Python string prefix

Question

Python string prefix

Asked 7 years, 3 months ago

Viewed 260 times

-1

I made a script to download an attachment from an email, this attachment is an XML file, and I want to save it in a database. But when I get the XML body, it comes with the prefix 'b' and therefore the error when saving the XML in the database.

The string that goes to SQL ends up like this:

INSERT  INTO NFes (xml) VALUES (b'<?xml version...')

Those are the mistakes:

"Operand type conflict: image is incompatible with xml (206)" "Unable to prepare one or more instructions. (8180)"

I have tried to change the encoding using str(xml, "utf-8"), for example, which would solve the prefix problem. But an error occurs with ODBC SQL Server Driver: "XML Parsing: Line 1, character 38, cannot toggle encoding (9402) (Sqlparamdata)"
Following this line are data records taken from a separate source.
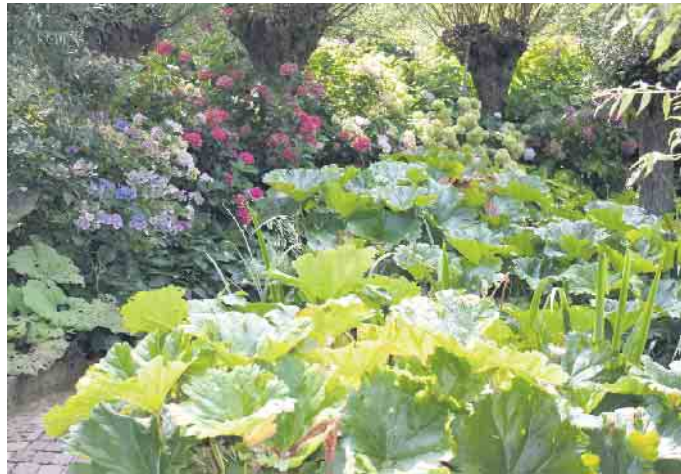
Pestwurz zählt zu den Stauden mit den größten Blättern Europas. Sie fühlt sich an sonnigen und halbschattigen Feuchtgebieten richtig wohl.

Mit der Anlage eines Sumpfbeckes wird der Garten um einen besonderen Lebensraum reicher, der nicht nur Platz für Pflanzen mit speziellen Vorlieben bietet, sondern auch für die heimische Tierwelt eine Bereicherung ist. Schmetterlinge, Bienen und Libellen werden angelockt sowie Vö-
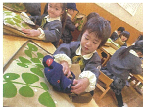
ギョウザにしながら 入れるんだよね♡
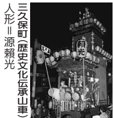
三久保町(歴史文化伝承山車) 人形 源頼光
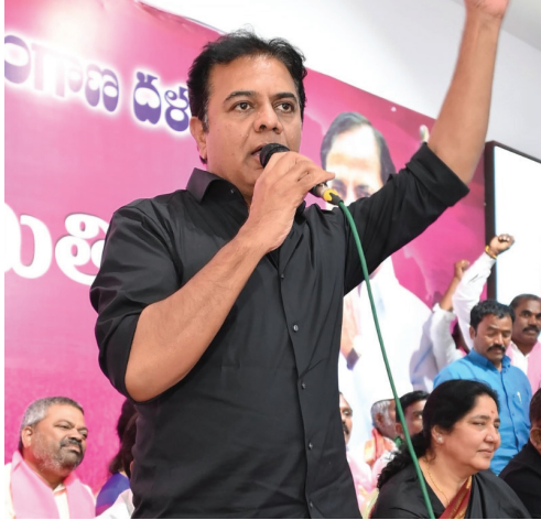
కేటీఆర్ పై కేసు

2001లోనే హైదరాబాద్ లో ఫార్ములా 1 రేస్ పెట్టాలని అప్పటి చంద్ర బాబు ప్రభుత్వం ప్రయత్నించినది కేటీఆర్ తెలిపారు. కానీ మారిన రాజకీయ పరిణామాలతో బీఆర్ఎస్ ప్రభుత్వం హైదరాబాద్ లో ఫార్ములా ఈ కార్ రేస్ నిర్వహించామని అన్నారు. ఈ అంశంపై చర్చించేందుకు శాసనసభలో అనుమతించాలని స్పీకర్ ను కోరామన్నారు. ఫార్ములా ఈ కార్ అంశంపై చర్చించే సత్తా ప్రభుత్వానికి లేదని ఎద్దేవా చేశారు. అక్రమాలు నిరూపించకుండా లీకులిస్తూ ఆరోపణలు చేస్తూ తప్పుడు కేసు పెడుతున్నారని కేటీఆర్ ధ్వజమెత్తారు. హైదరాబాద్ లో ఈ కార్ రేసింగ్ నిర్వహించడంపై సచిన్, ఆనంద్ మహీంద్రా వంటి ప్రముఖులతో పాటు బీజేపీ కేంద్ర మంత్రులు ప్రశంసించారని కేటీఆర్ గుర్తు చేశారు. కారు రేస్ నిర్వాహకులకు హెచ్ఎంఓ రూ. 55 కోట్లు చెల్లించినది వెల్లడించిన కేటీఆర్, ఇది వాస్తవమని నిర్వాహకులు అంగీకరిస్తున్నారని, ఇందులో అవినీతి జరిగింది ఎక్కడో వివరణ ఇవ్వాలన్నారు. రేసింగ్ రద్దయినందున లైసెన్స్ ఫీజు రూ. 74 లక్షలు వాపస్ తీసుకోవాలని ఎంఫెంఎంఎస్ వి మాట్లాడేలా రాసినా ప్రభుత్వం స్పందించడం లేదని కేటీఆర్ పేర్కొన్నారు. ఫార్ములా ఈ కార్ రేసు కేసులో ఎలాంటి పరిస్థితివైనా ఎదుర్కొంటామని ఆయన తెలిపారు. రాజకీయ కేసు.. రాజకీయంగానే కొట్టాడుతామని కేటీఆర్ స్పష్టం చేశారు. మరోవైపు, ఓఆర్ఆర్ టెండర్ పై ప్రభుత్వం సీట్ విచారణకు ఆదేశించడంపై కేటీఆర్ స్పందించారు. దమ్ముంటే.. సీఎం రేవంత్ రెడ్డి ఓఆర్ఆర్ టెండర్ రద్దు చేయాలని కేటీఆర్ సవాల్ విసిరారు.
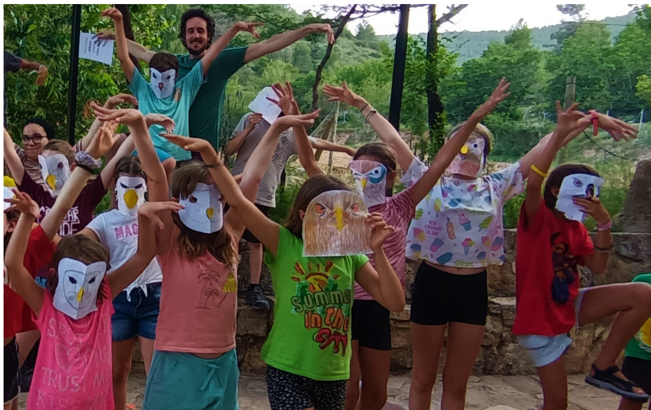
Conservar las aves rapaces divirtiéndote, es lo más efectivo.

Seguimos en el concepto que es imprescindible “conocer para proteger” .
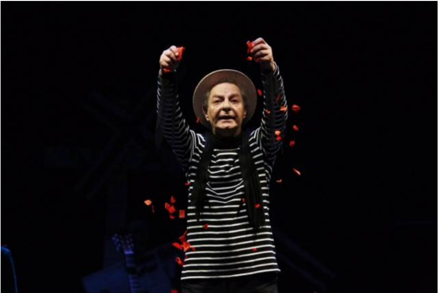
Enzo Moscato in Raccogliere & Bruciare.

Mi è capitato nell'ultimo mese di vedere tre spettacoli dell'artista napoletano che Francesca Saturnino ha intervistato qualche settimana fa per doppiozero ( leggi qui ). Essi coprono un arco di tempo che va dagli anni ottanta a oggi; l'ho visto in scena da solo, con pochi compagni o con un gruppo nutritissimo di quella tribù di amatori e professionisti che è riuscito a riunire con il suo carisma nell'ultimo Raccogliere & Bruciare ( Ingresso a Spentaluce ), lavoro pompeiano. Ho letto la sceneggiatura per un film mai girato, Ritornanti , ispirato alla pièce teatrale Spiritilli , pubblicata da Cronopio, una folla sullo schermo, prima quella dei giornalieri viaggiatori della nuova metropolitana di Napoli, poi due giovani sposi poveri in cerca di casa: tutti circondati da spiriti, spiritelli, folletti, anime dei defunti, munacielli, quella fitta nebulosa di ectoplasmici, a volte beffardi, a volte benevoli, a volte traditori, che popolano da sempre la sua terra, anche la modernissima Neapolis continuamente affollata di figure che provengono da altri luoghi, altri strati, da altre voci, proiezioni di un Aldilà o forse di molti aldilà o aldiquà, che con il qui e ora si intrecciano, interagiscono, influenzano, riempiono, lasciando, questi fantasmi , un enorme appartamento vuoto senza neppure un millimetro di spazio, come in un incubo a lieto fine dell'essere, dell'essere stati, del poter essere.
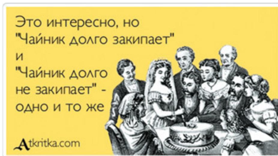
Рис. 1. Кстати, так называемые «Аткрытки» показывают феноменальную живучесть – такой формат контента уже несколько лет хорошо воспринимается аудиторией

Когда я пишу «по возможности оригинальная», это не обязательно означает «нигде, никогда и никем не опубликованная ранее». Все далеко не так. «Оригинальная» в данном случае – это скорее «вписанная в ваш поведенческий почерк». К примеру, если вы написали статью и опубликовали ее, а потом (через несколько месяцев) ее повторяете – это все равно оригинальный контент в определенном смысле. Даже если вы просто публикуете тематические цитаты из книг классиков, но оформляете их особым узнаваемым образом (к примеру, на картинках с ватермаркой), то подходит и это.
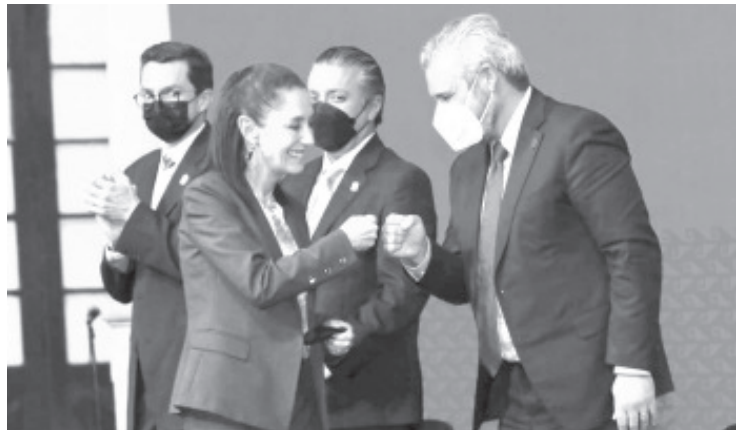
"Michoacán realiza esfuerzos, la brecha digital es enorme y el gran reto que se viene es la adecuada aplicación de la ley para que no se quede en letra muerta".

En este evento participaron funcionarios del gabinete legal del estado, diputados locales y federales.
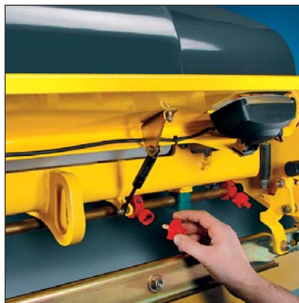
Particolari pratici: gli ugelli si trovano dietro una copertura al riparo dal vento e sono comunque facilmente accessibili.

La particolare costruzione del telaio dei rulli garantisce minime vibrazioni sulle mani e sulle braccia nonché una minima rumorosità.
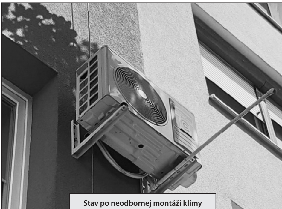
Stav po neodbornej montáži klímy

Servis pomerových rozdeľovačov tepla (odparovacích aj elektronických prístrojov) na vykurovacích telesách (radiátoroch) vykonáva výlučne servisná služba firmy Techem spol. s r.o. Nové Zámky. Pri poškodení, spadnutí prístroja, po výmene radiátora a podobne, je potrebné obrátiť sa priamo na pobočku firmy Techem v Nových Zámkoch na tel. č. +421 35 6420424.
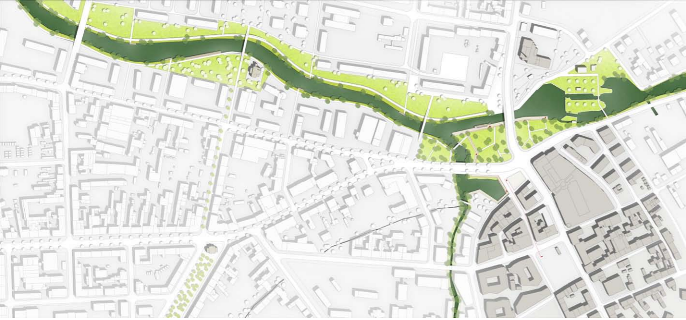
_LAGEPLAN (ORIGINAL: M. 1/1.000)
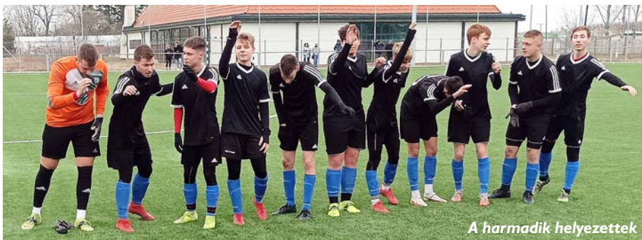
A harmadik helyezettek
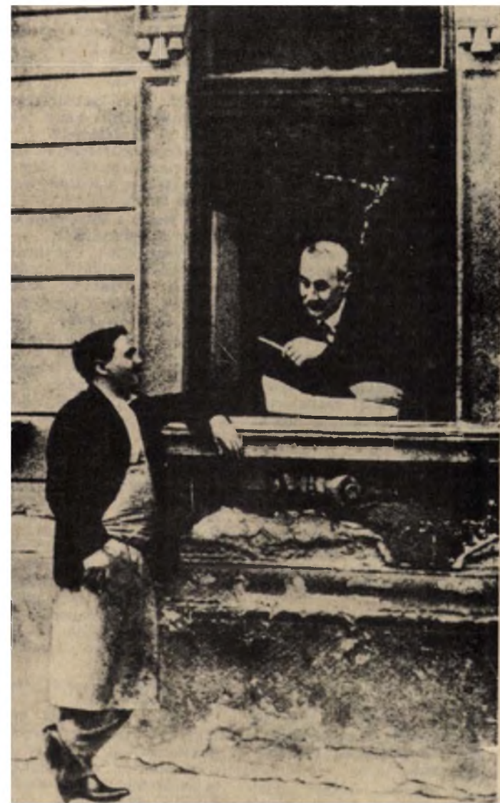
Régi felvétel a kapu melletti ablakban trécselő Krúdy Gyuláról

A tér — vagy inkább csak szélesebb utca — másik oldalán a három ház azonban izgalmasabb sorsot élt meg az utóbbi esztendőben.
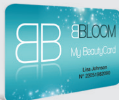
CARTES DE FIDÉLITÉ
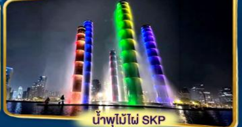
น้ำพุไม้ไฟ SKP

He’s not complaining about that comma right at the beginning of XML?

– Giovanni Nunes

2018/04/09 at 23:22
agree with @Giovanni, I think this comma should generate this error...

– aa_sp

2018/04/10 at 12:54
I’m sorry, the comma at the beginning of XML was a typo. I added the error message to the topic when trying to save XML with b in front.

– Gustavo Primo

2018/04/10 at 14:03
Include the code you use to generate this string and the type of the xml column in your database.

– Leandro Angelo

2018/04/11 at 00:31

2 answers

-1

My XML has an attribute "encoding" and so the error message said that it was not possible to toggle the encoding.

Then I made a replace to remove the 'encoding="utf-8"'. And to remove the prefix 'b' I just did what I had tried before, I used a str(xml,'utf-8'). After these changes it was possible to save to the bank normally!

Browser other questions tagged sql python odbc

You are not signed in. Login or sign up in order to post.

by jsbueno • **30,668** points · Answer 1 · 2018-04-10T17:33:33+00:00

The "prefix b" indicates that the object you have at hand is not a text string - but a set of bytes - In Python 3 the two things are fundamentally different, why you always need to know how the text is coded in bytes to be able to transform them into characters. Nowadays it is increasingly common for the text to be in the "utf-8" encoding, but some legacy systems and Windows use the "latin-1" encoding - which allows all characters in the Portuguese language to be in a single byte.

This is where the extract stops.